What self-serving nonsense. Personally, I engaged with the larger truths of being human by watching my daughter being born, facing personal catastrophe, falling in love, all kinds of other occurences. My experience of those may have been slightly influenced by what I had read, but no way was my confrontation with what it means to be human happening on a page, or a screen, in the form of words.
I may have had the good fortune to learn from some of the finest minds in human history by reading, but that happened because they happened to write, and language was a uniquely durable medium for preserving and passing down what they said and thought. But it delivers a residue, nothing more. Over time, of course we’ll elect for the best, but to dignify reading with the merit is the worst kind of media-is-the-message fallacy.

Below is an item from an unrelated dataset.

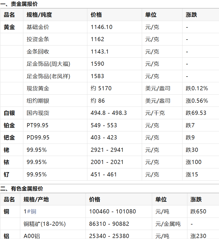 金属市场价格实时变动,以下数据截至今日17:00左右,仅供参考,实际交易价格以实时行情为准。

The best and finest who didn’t write are unjustly mute, cut out of personal contact with generations to come. They don’t deserve that exclusion. And reading doesn’t deserve that elevation. A fine and private thing, yes, but reading in itself doesn’t lift you above the pack, take you higher, do whatever else it is that someone casting about for a spurious sense of self-importance wants. When I see the kind of bilge that sluices through any genuine list of “New Books In Print”, and reflect that much of that stuff will actually get read, it’s enough to devalue the act of reading. Plus, when someone starts telling you that the ultimate good of private act X Y or Z is not personal and private, but for society, you know that they’re a bogus apologist.
Reading is one arena, only, where the confrontation with human reality may start. Rather than compassionate, it is terrifyingly dispassionate. And it is likely to fail you, like most every such confrontation. Read if you dare, at your peril. Go on, read.